In contrast, the study by Towse et al. (2016) [24], a study that presents some methodological/reporting deficiencies, indicating the absence of some STROBE elements (study design, context, quality of results, data sources) examined the impact of PT on age at walking in children and found no significant difference between children who received PT and those who did not. However, the author noted a significant difference in walking age between Caucasian and non-Caucasian children, suggesting that sociocultural factors and the availability of health services may influence outcomes. Despite this less conclusive result, the study confirms that physical therapy can reduce motor delays, although the effect was not statistically significant [24].
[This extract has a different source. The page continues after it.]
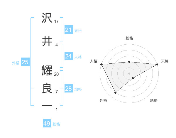 沢井 耀良一さんの総格は49画の2点
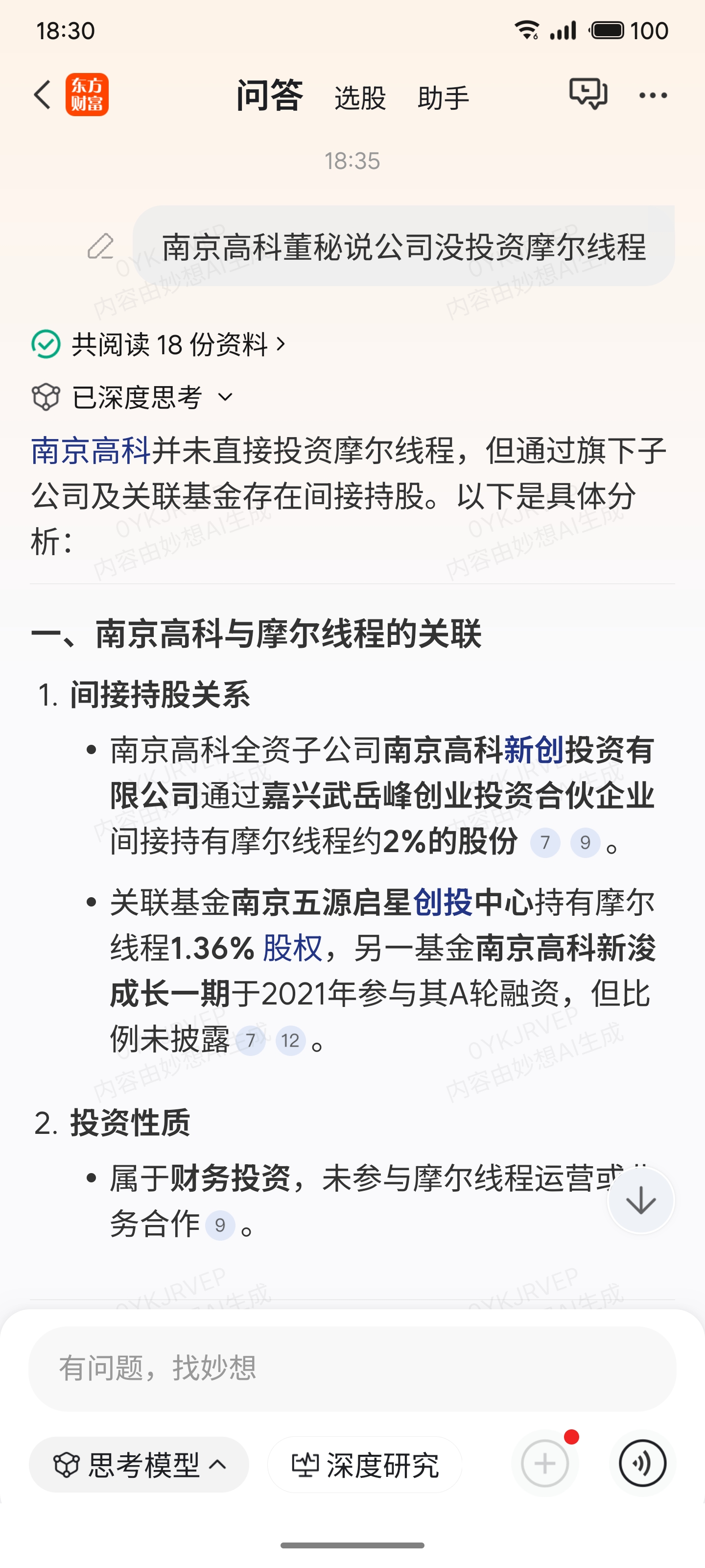 $南京高科(SH600064)$ 懂秘说没有投资摩尔线程,Ai又说有,什么情况

Gabriella S. et al. (2014) [26] conducted another relevant study, which scored 6/10 on the PEDro methodological quality assessment scale, examining the motor development of 10 children: 5 with DS and 5 with typical development. A mobile device was used in this study to measure infants’ spontaneous motor activity. These measurements included the frequency of kicks, contact with a touch pad, and the ability to lift it under several experimental conditions, including those in which the infants were subjected to additional weight. The results showed that infants with DS and those with typical development suggesting significant improvements in motor performance when subjected to additional weight, and that, when the weight was removed, they continued to perform the movement better. This result suggests that motor stimulation through early exercise, including weight-bearing activities, may contribute to motor development in children with DS and beyond [26].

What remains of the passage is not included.